WHAT THE TASK REQUIRES:
Leaving pictures aside, restate exactly the lines of the data below, from the first one through the line that contains "As técnicas de".

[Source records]
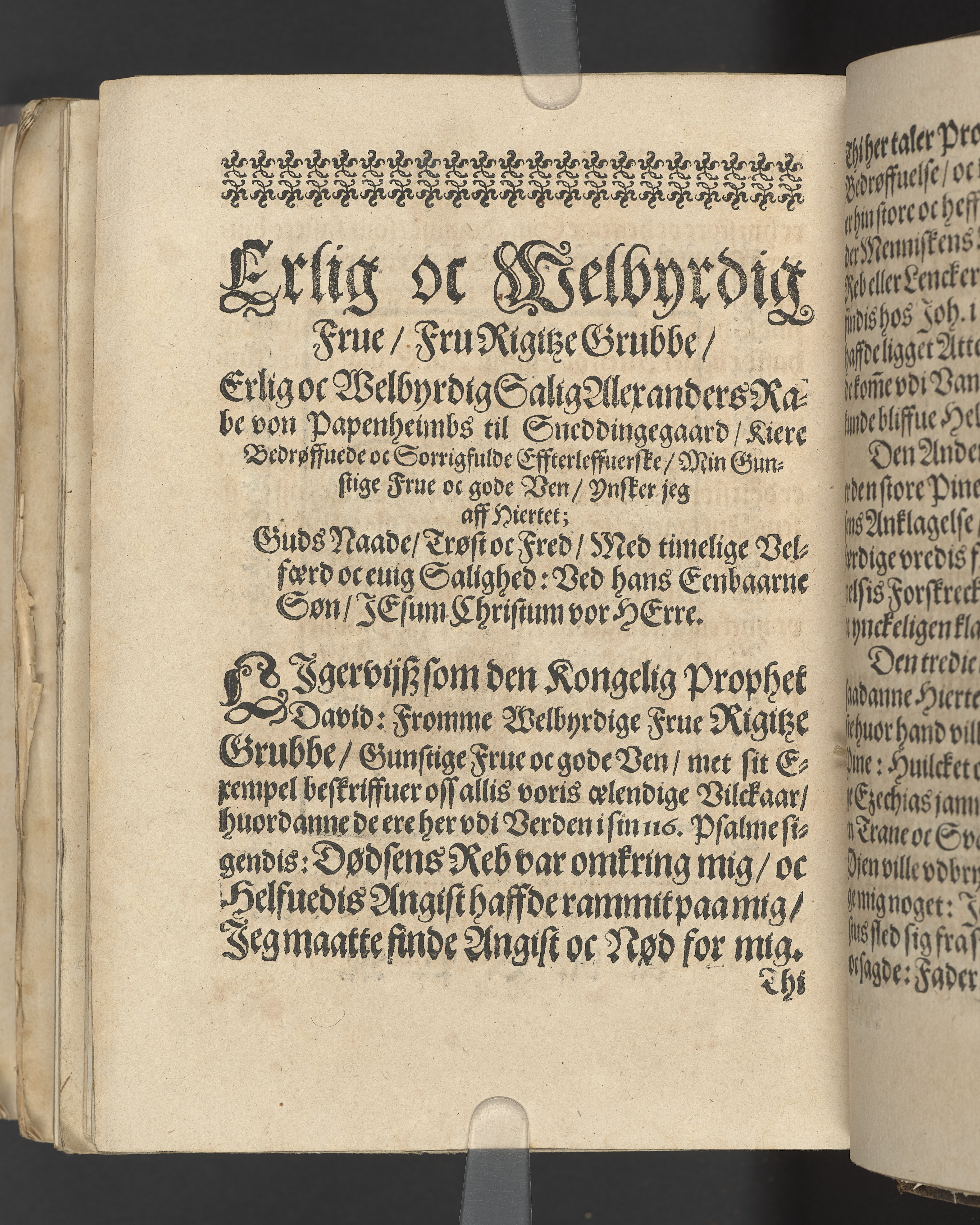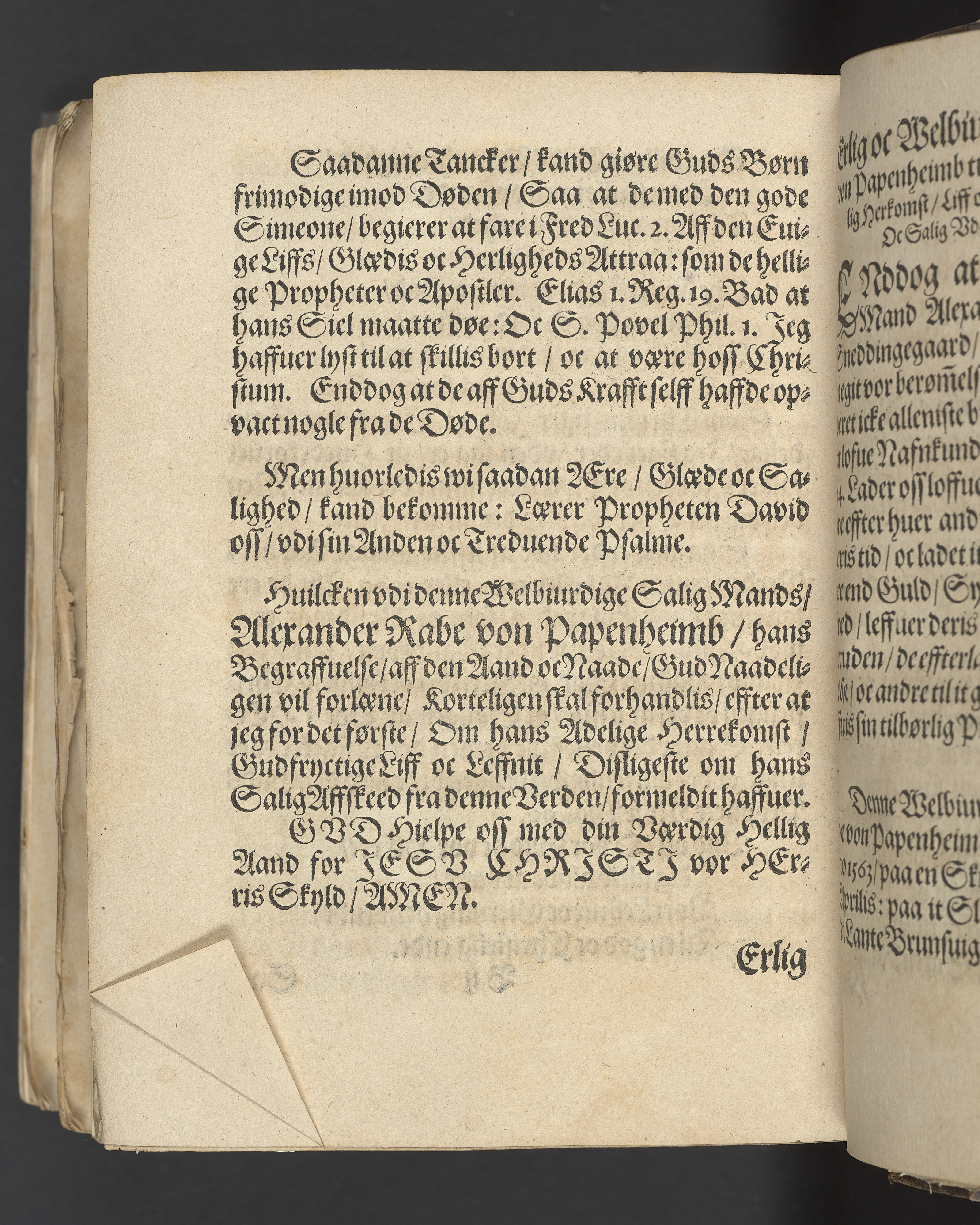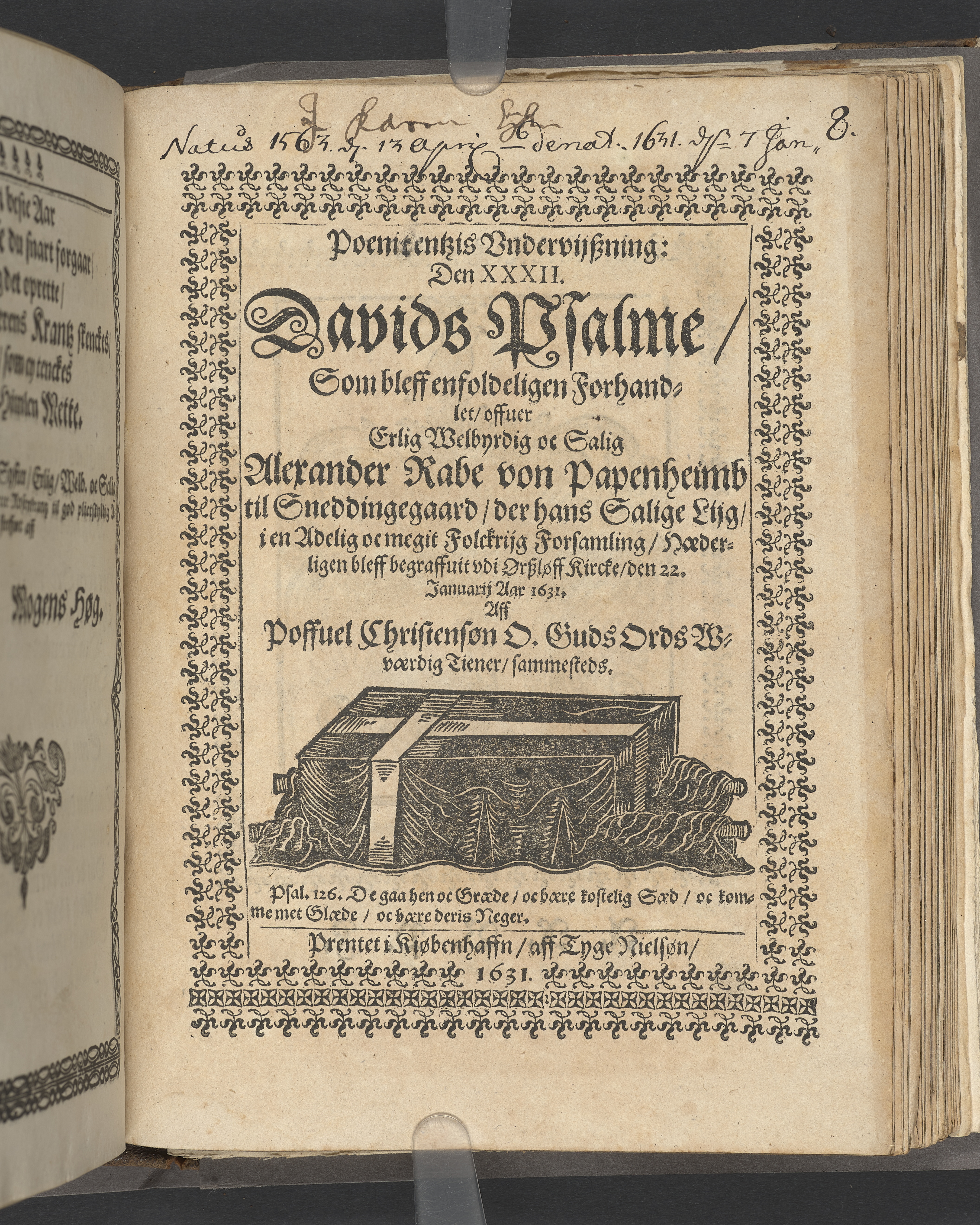 Poenitentzis Vndervijßning: Den XXXII. Davids Psalme Som bleff enfoldeligen Forhandlet / offuer Erlig Welbyrdig oc Salig Alexander Rabe von Papenheimb til Sneddingegaard / der hans Salige Lijg i en Adelig oc megit Folckrijg Forsamling / Hæderligen bleff begraffuit vdi Ørßløff Kircke / den 22. Januariji Aar 1631. Aff Poffuel Christensøn O. Guds Ords Wværdig Tiener / sammesteds. Psal. 126. De gaa hen oc Græde / oc bære kostelig Saed / oc komme met Glæde/ oc baere deris Neger. Prentet i Kiøbenhaffn / aff Tyge Nielsøn / 1631
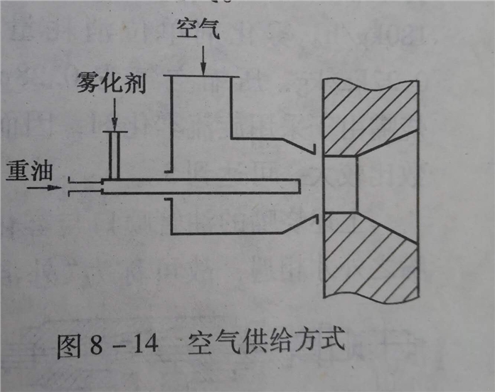 由于高压油烧嘴的燃烧所需空气是用鼓风机另行供给的,如8-14所示,和低压油烧嘴相比,空气与油雾的混合条件较差。因此高压油烧嘴的空气消耗系数要求较大些,约为重油1.20~1.25,火焰较长。由于雾化剂压力较高,喷出速度大,所以火焰的动能较大。在高压烧嘴中,空气的预热温度不受重油裂化的限制。高压烧嘴的能力,小型烧嘴为每小时几十公斤,大型烧嘴可达到每小时几千公斤,调节倍数较大,一般为4~5,高者可达10,且油量变化时,雾化质量影响不大。
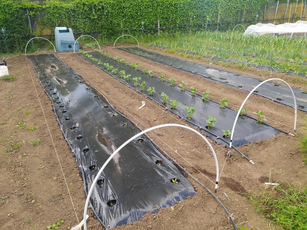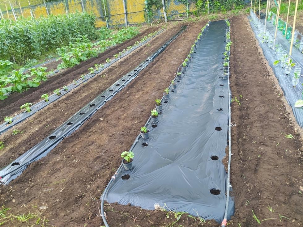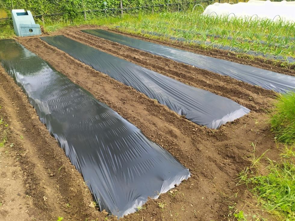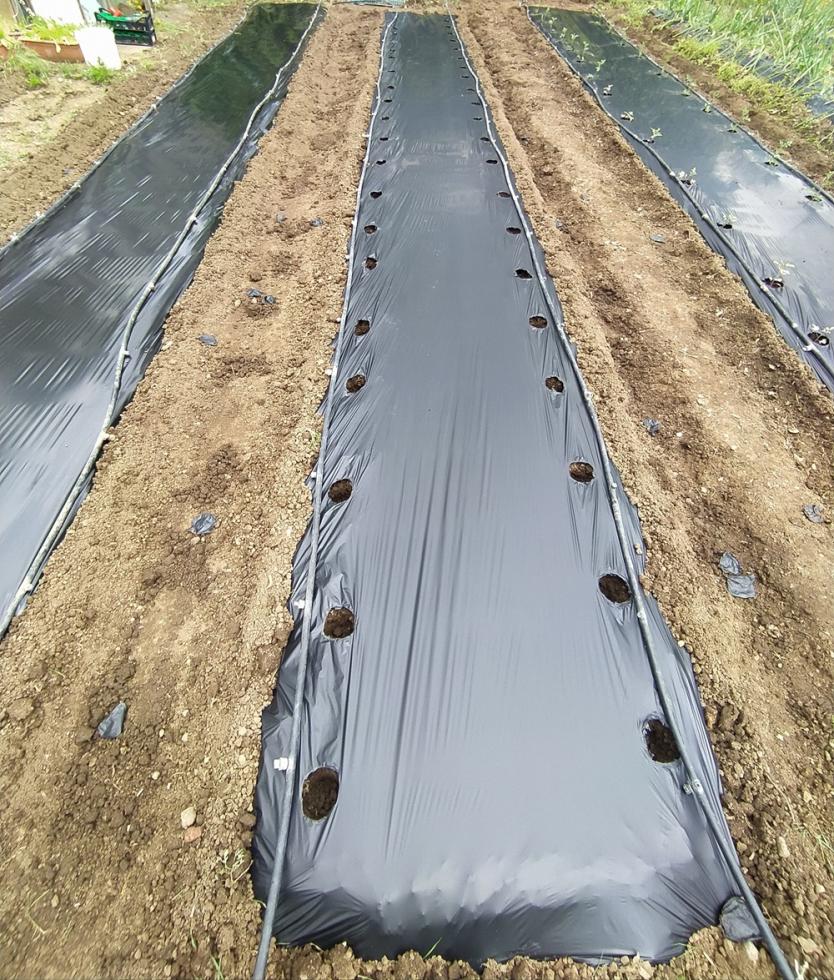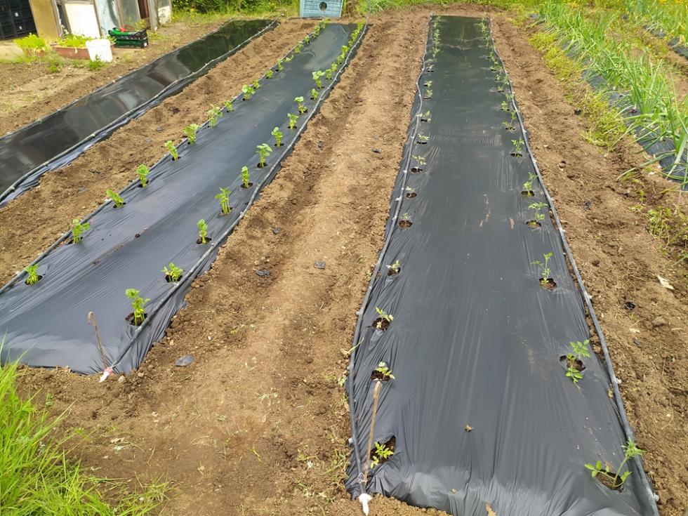 Nel pomeriggio di venerdì ho fresato arieggiato in superficie la terra e sabato ho iniziato con gli allestimenti delle prode con telo nero per completare i trapianti con le restanti piantine che erano in serra.
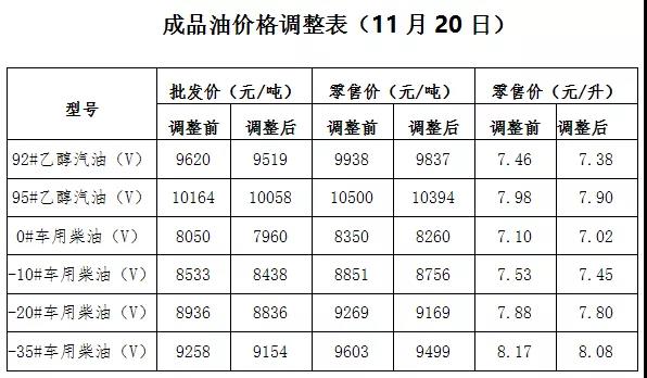 根据近期国际市场油价变化情况,按照现行成品油价格形成机制,自2021年11月19日24时起,国内汽、柴油价格(标准品)每吨分别降低95元和90元。调整后,相关部门要加大市场监督检查力度,严厉查处不执行国家价格政策的行为,维护正常市场秩序。
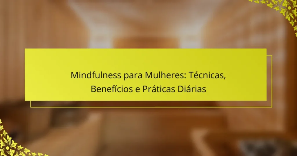 As técnicas de atenção plena para mulheres focam em melhorar a autoconsciência e o bem-estar emocional. As principais técnicas incluem meditação, respiração consciente, varredura corporal e escrita de gratidão. Cada técnica promove presença, reduz o estresse e incentiva uma mentalidade positiva. A prática regular pode levar a uma melhor clareza mental e resiliência emocional.
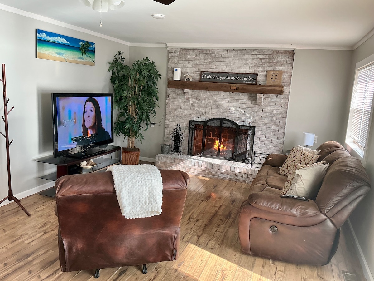 Aproveite sua estadia na área de Newburgh/Evansville com esta casa perfeitamente localizada. Existem 4 quartos (5 camas) e 2 casas de banho. Oferecemos uma cozinha completa, 3 áreas de jantar e sala de estar aconchegante e sala de família completa com lareira de tijolos. Há muito espaço no quintal, então, se você quiser trazer jogos, fique à vontade! {2100sq ft No Stairs!!!} Um andar! Você está a uma curta distância de carro até o lado leste de Evansville e a uma viagem ainda mais rápida até a adorável passarela à beira do rio de Newburgh, com lojas e restaurantes. Gas Grill
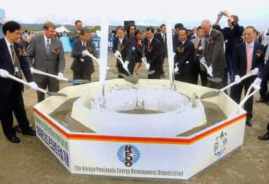 朝鮮半島能源開發組織(KEDO)援建朝鮮的輕水反應堆核電站主體混凝土工程8月7日舉行了開工典禮。
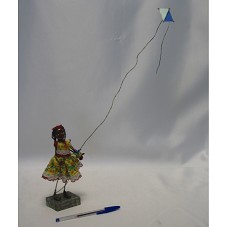 ARTESANATO (18 CM) CONFECCIONADO EM JORNAL, FIGURA DE UMA MENINA, COM VESTIDO ESTAMPADO DE GIRASSÓIS AMARELOS, SEGURANDO UMA PETECA E SOLTANDO UMA PIPA. FIXADA EM BASE RETANGULAR, ONDE NO FUNDO HÁ ETIQUETA COM A INSCRIÇÃO 'BONEQUINHOS DE JORNAL / TEL.: (71) 3207-2111 / CEL.: 8822-1798 / ELZA 3314-1292 / [email protected]'.
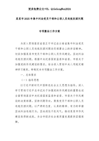 【七哥公文】2025年:某某市2025年集中纠治党员干部和公职人员违规饮酒问题专项整治工作方案+更多免费公文+VX:QiGeGongWen2024+更多免费公文+VX:QiGeGongWen2024
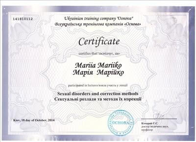 • KISPP (Київський інститут сучасної психології та психотерапії). Курс підвищення кваліфікації «Сексологія» (інтеграція теорії та практики гештальт-підходу Паризької Школи Гештальта (EPG) (автори напрямки Бріджіт Мартель і Гонзаг Маскульє) та психоаналітичного підходу). Спеціалізація: сексологія (1000 годин). Період до: 2014-червень 2015
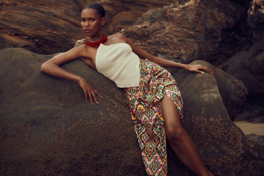 Hablamos de una de las propuestas más llamativas de la marca. Se trata de una falda pareo midi con nudo lateral, de tiro alto y estampado étnico. Todo diseñado para lograr un look divertido, fresco y original.
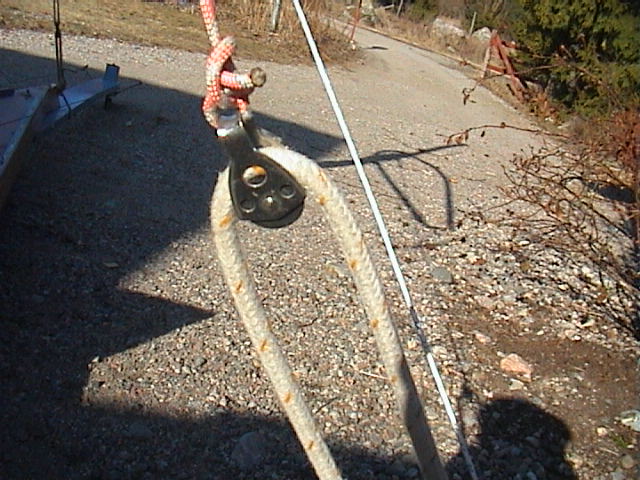 Mastfot med talja från Biltema för 49kr.
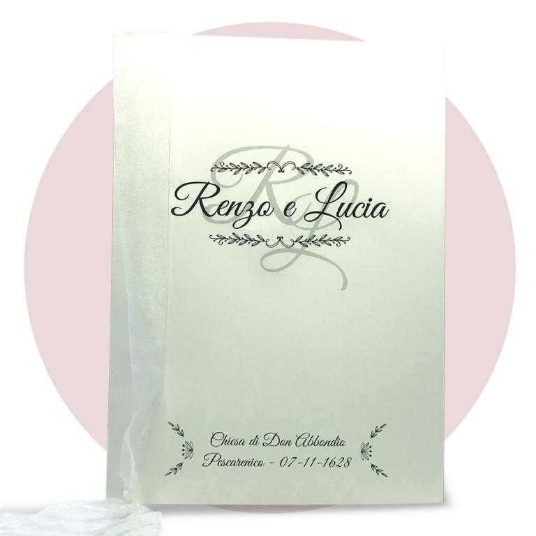 Libretto Messa copertina in cartoncino coccodrillo. Il libretto messa èconposto da interno in carta bianca o avorio 90 gr di 16 facciate, spillato. La copertina collegata all'interno per mezzo di un nastro in organza già compreso. La stampa dell'interno è prevista nera, la stampa a colori della copertina è compresa nel prezzo.

RESULT FOR THIS EXERCISE:
 Poenitentzis Vndervijßning: Den XXXII. Davids Psalme Som bleff enfoldeligen Forhandlet / offuer Erlig Welbyrdig oc Salig Alexander Rabe von Papenheimb til Sneddingegaard / der hans Salige Lijg i en Adelig oc megit Folckrijg Forsamling / Hæderligen bleff begraffuit vdi Ørßløff Kircke / den 22. Januariji Aar 1631. Aff Poffuel Christensøn O. Guds Ords Wværdig Tiener / sammesteds. Psal. 126. De gaa hen oc Græde / oc bære kostelig Saed / oc komme met Glæde/ oc baere deris Neger. Prentet i Kiøbenhaffn / aff Tyge Nielsøn / 1631
 由于高压油烧嘴的燃烧所需空气是用鼓风机另行供给的,如8-14所示,和低压油烧嘴相比,空气与油雾的混合条件较差。因此高压油烧嘴的空气消耗系数要求较大些,约为重油1.20~1.25,火焰较长。由于雾化剂压力较高,喷出速度大,所以火焰的动能较大。在高压烧嘴中,空气的预热温度不受重油裂化的限制。高压烧嘴的能力,小型烧嘴为每小时几十公斤,大型烧嘴可达到每小时几千公斤,调节倍数较大,一般为4~5,高者可达10,且油量变化时,雾化质量影响不大。
 Nel pomeriggio di venerdì ho fresato arieggiato in superficie la terra e sabato ho iniziato con gli allestimenti delle prode con telo nero per completare i trapianti con le restanti piantine che erano in serra.
 根据近期国际市场油价变化情况,按照现行成品油价格形成机制,自2021年11月19日24时起,国内汽、柴油价格(标准品)每吨分别降低95元和90元。调整后,相关部门要加大市场监督检查力度,严厉查处不执行国家价格政策的行为,维护正常市场秩序。
 As técnicas de atenção plena para mulheres focam em melhorar a autoconsciência e o bem-estar emocional. As principais técnicas incluem meditação, respiração consciente, varredura corporal e escrita de gratidão. Cada técnica promove presença, reduz o estresse e incentiva uma mentalidade positiva. A prática regular pode levar a uma melhor clareza mental e resiliência emocional.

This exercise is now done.